It's hard to believe the emptiness feels this big, but it's there waiting. I'm choosing now to fill it with both memories and the recognition that I have learned I have a lot of love to give. I just need to be aware that I have it to give.
Starting from scratch, and "itching" to do things
Friday, February 4, 2011
Love to Give
We put Coda down this morning and cried our goodbyes. While reflecting with Kevin, I named the hardest thing to lose in her was how much she taught me to love. It can sound like one of those hokey emails, but she was genuinely the most forgiving creature. Her simplicity has taught us to be grateful for everything, that love given is always worthwhile and appreciated, and that even when we do things we don't mean to do, one can recognize when love is there and someone is worth coming back to adore again.
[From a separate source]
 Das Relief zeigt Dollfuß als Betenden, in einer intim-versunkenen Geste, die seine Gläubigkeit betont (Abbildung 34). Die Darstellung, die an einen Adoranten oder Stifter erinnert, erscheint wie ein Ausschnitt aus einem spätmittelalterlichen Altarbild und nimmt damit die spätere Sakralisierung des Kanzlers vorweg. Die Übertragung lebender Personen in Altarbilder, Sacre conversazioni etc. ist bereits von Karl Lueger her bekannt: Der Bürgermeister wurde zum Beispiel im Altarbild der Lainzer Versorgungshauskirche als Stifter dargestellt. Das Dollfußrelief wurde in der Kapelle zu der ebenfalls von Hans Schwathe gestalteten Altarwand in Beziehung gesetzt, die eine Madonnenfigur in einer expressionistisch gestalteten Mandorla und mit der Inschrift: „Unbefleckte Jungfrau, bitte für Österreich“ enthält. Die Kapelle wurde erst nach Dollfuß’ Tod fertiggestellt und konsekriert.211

Wednesday, February 2, 2011
Slowly saying goodbye
Most of you who know me know that when I got married, perhaps even when I met Kevin, I adopted a wonderful dog named Coda into my life. She quickly became my dog. She always chose me to sit down and cuddle. She wanted me to play with her. Truly, she is Kevin's first dog and we've been talking lately about how she has been there through some of the most formative years in his life. I dare say, even though I've only known her for four and half, I feel the same way.
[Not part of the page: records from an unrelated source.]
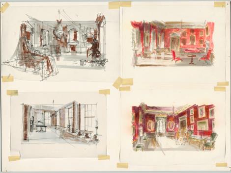 "In the scene where he eats soup with the spoon for the first time, I think you'll find there are maybe three paintings on the walls – many are removed as part of the King's cure – the table and one chair where he eats, and a few other props, but nothing else in this rather nicely proportioned Georgian room. The set was reduced to its bare essentials. And that, to me, is production design. It's to help the dramatic theme." (Ken Adam)
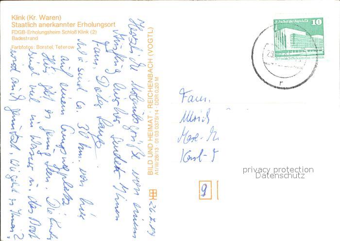 72383243 alte Postkarte Klink Waren Erholungsheim Schloss Klink Strand postalisch gelaufen Erhaltung siehe scans KatCode: 11110013056030
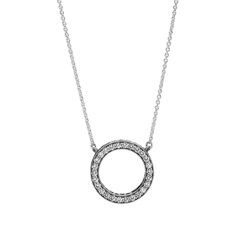 This round pendant features the PANDORA logo on one side and is a reversible collier in sterling silver with 26 bead-set clear cubic zirconia and cut-out heart details on the other. Versitile and stylish, this necklace can be adjusted to suit any look.

Five days ago, Coda had a seizure. In the last three days, she's had seven or more. It has been a very frightening experience for me. I have a nephew who deals with seizures too, and I can tell you that neither is fun to watch. One is supposed to be calm to help calm the seizures, but I can't help but burst into tears. The fact that these have come on so quickly make me fear the worst. The times between the seizures when she is her the "real Coda" are fewer and further between.
I think partly I relive the time with my nephew when she has these episodes. She loses control, and I can't explain to her why or help her see the signs to let her know to relax. My nephew was less than a year old when he started having seizures, so explaining even in simple terms wasn't helpful. Coda seems to frightened her too, when she can't walk afterwards, or do other basic things like swallowing. I am frightened to leave her alone at all during the day; I can't imagine anything wanting to wake up from such an experience alone.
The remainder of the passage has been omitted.